RECORDED INFORMATION ▸

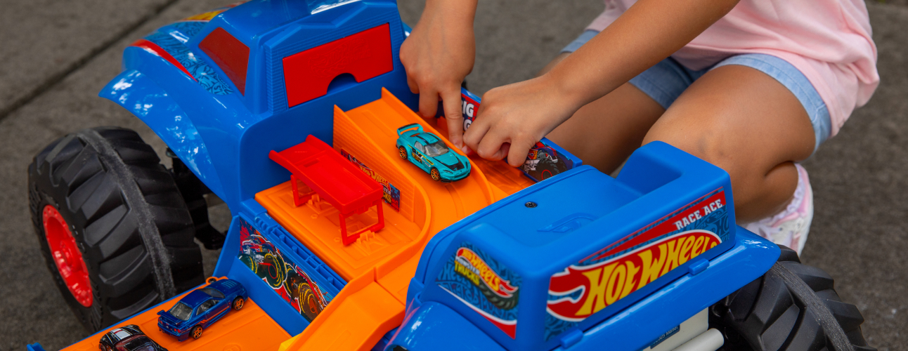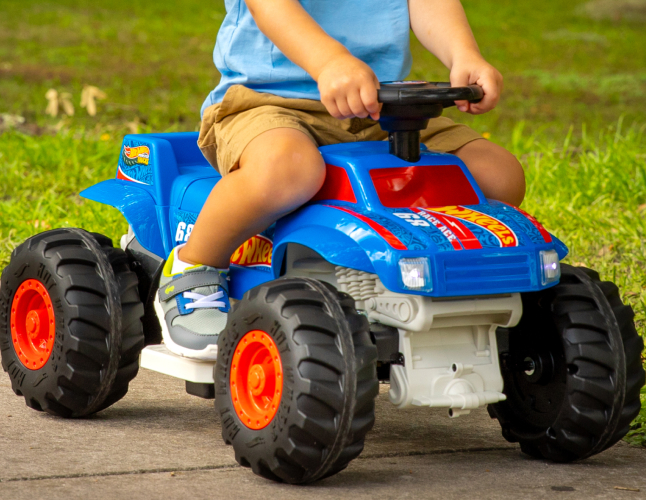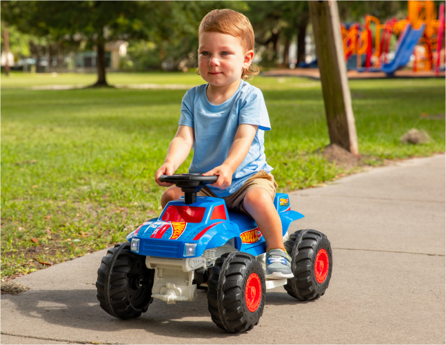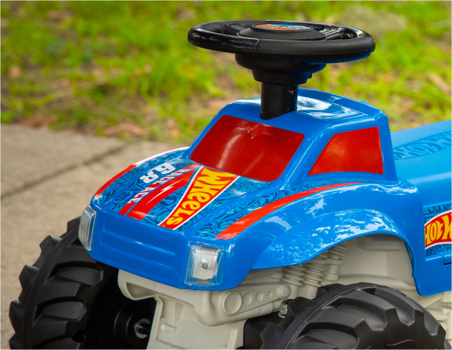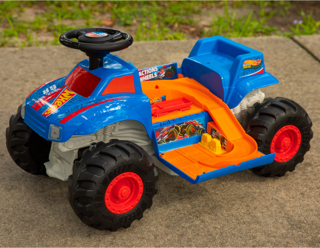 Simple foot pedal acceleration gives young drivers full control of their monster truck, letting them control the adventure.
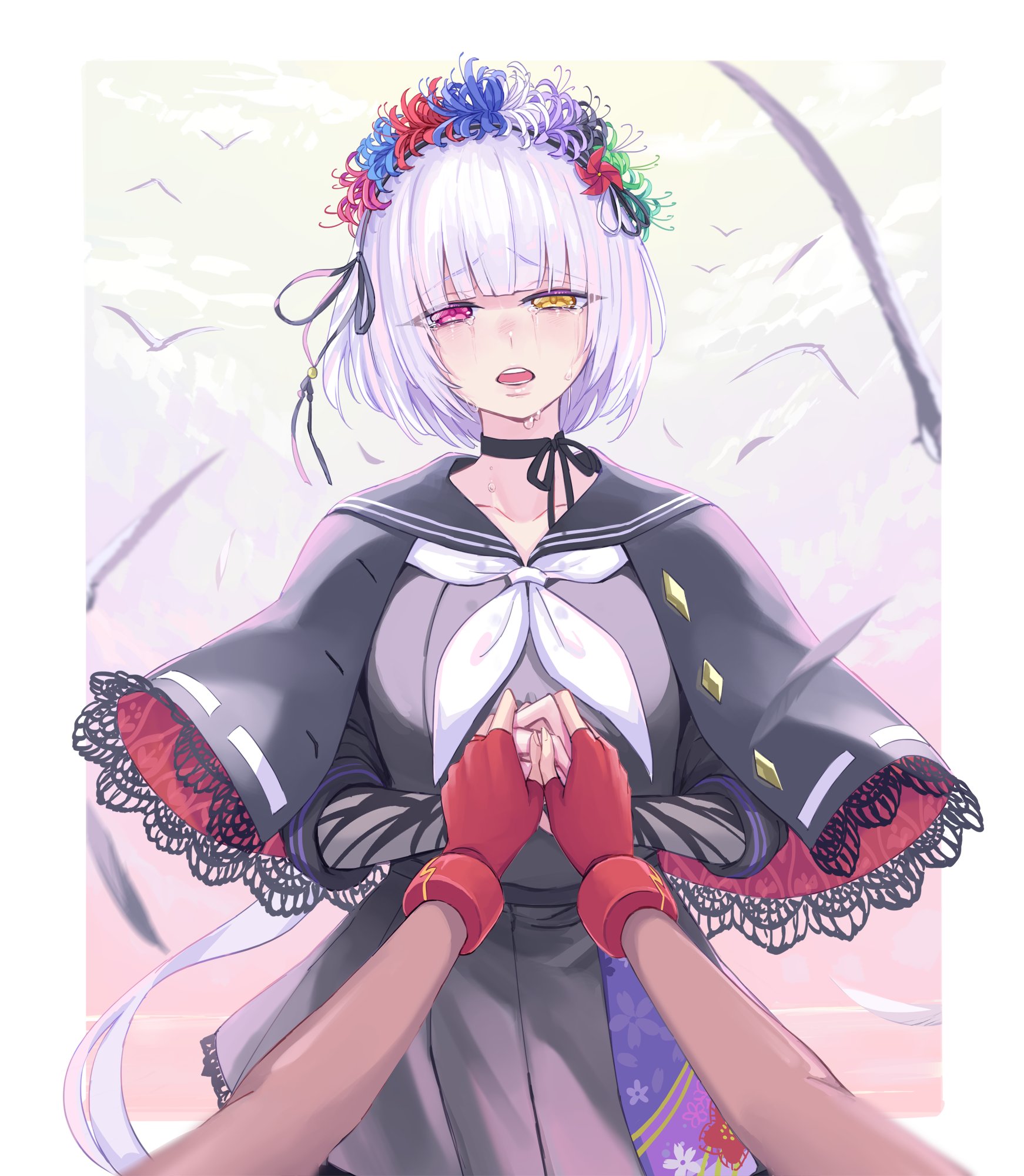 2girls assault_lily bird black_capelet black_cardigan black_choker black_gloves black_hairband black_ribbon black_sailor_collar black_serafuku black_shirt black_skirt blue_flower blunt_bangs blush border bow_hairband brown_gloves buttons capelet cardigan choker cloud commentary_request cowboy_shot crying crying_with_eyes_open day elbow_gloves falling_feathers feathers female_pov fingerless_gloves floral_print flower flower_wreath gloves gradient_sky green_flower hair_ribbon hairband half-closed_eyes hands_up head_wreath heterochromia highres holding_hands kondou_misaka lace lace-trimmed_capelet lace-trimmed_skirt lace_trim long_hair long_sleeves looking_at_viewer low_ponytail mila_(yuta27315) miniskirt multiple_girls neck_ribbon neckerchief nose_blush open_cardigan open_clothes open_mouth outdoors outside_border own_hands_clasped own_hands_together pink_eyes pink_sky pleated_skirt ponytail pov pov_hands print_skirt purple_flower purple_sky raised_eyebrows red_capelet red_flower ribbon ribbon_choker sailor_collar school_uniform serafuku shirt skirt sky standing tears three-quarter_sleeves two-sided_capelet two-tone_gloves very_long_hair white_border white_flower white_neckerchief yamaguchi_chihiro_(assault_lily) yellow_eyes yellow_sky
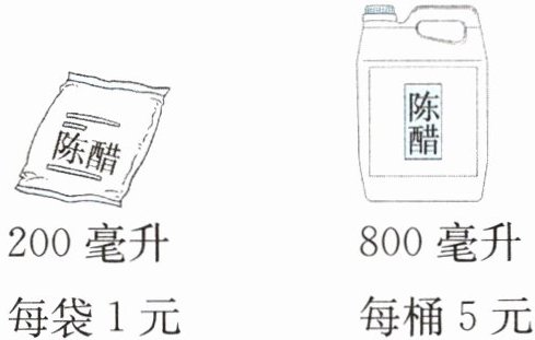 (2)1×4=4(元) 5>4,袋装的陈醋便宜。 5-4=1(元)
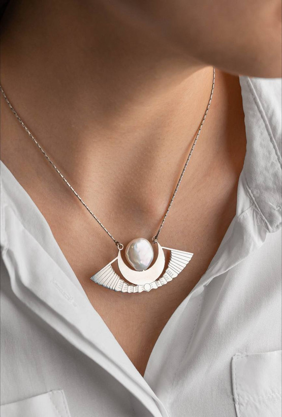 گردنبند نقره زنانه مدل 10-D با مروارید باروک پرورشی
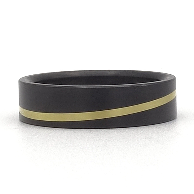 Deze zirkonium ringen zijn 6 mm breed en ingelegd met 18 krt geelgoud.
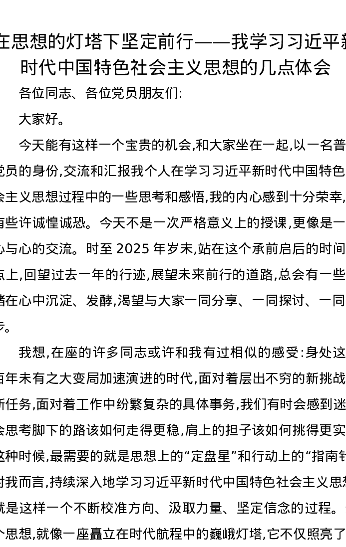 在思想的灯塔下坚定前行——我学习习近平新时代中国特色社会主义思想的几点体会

WORK REQUEST ▸ Please copy the data shown above precisely, leaving the images out.

THE COMPLETED TASK ▸
 Simple foot pedal acceleration gives young drivers full control of their monster truck, letting them control the adventure.
 2girls assault_lily bird black_capelet black_cardigan black_choker black_gloves black_hairband black_ribbon black_sailor_collar black_serafuku black_shirt black_skirt blue_flower blunt_bangs blush border bow_hairband brown_gloves buttons capelet cardigan choker cloud commentary_request cowboy_shot crying crying_with_eyes_open day elbow_gloves falling_feathers feathers female_pov fingerless_gloves floral_print flower flower_wreath gloves gradient_sky green_flower hair_ribbon hairband half-closed_eyes hands_up head_wreath heterochromia highres holding_hands kondou_misaka lace lace-trimmed_capelet lace-trimmed_skirt lace_trim long_hair long_sleeves looking_at_viewer low_ponytail mila_(yuta27315) miniskirt multiple_girls neck_ribbon neckerchief nose_blush open_cardigan open_clothes open_mouth outdoors outside_border own_hands_clasped own_hands_together pink_eyes pink_sky pleated_skirt ponytail pov pov_hands print_skirt purple_flower purple_sky raised_eyebrows red_capelet red_flower ribbon ribbon_choker sailor_collar school_uniform serafuku shirt skirt sky standing tears three-quarter_sleeves two-sided_capelet two-tone_gloves very_long_hair white_border white_flower white_neckerchief yamaguchi_chihiro_(assault_lily) yellow_eyes yellow_sky
 (2)1×4=4(元) 5>4,袋装的陈醋便宜。 5-4=1(元)
 گردنبند نقره زنانه مدل 10-D با مروارید باروک پرورشی
 Deze zirkonium ringen zijn 6 mm breed en ingelegd met 18 krt geelgoud.
 在思想的灯塔下坚定前行——我学习习近平新时代中国特色社会主义思想的几点体会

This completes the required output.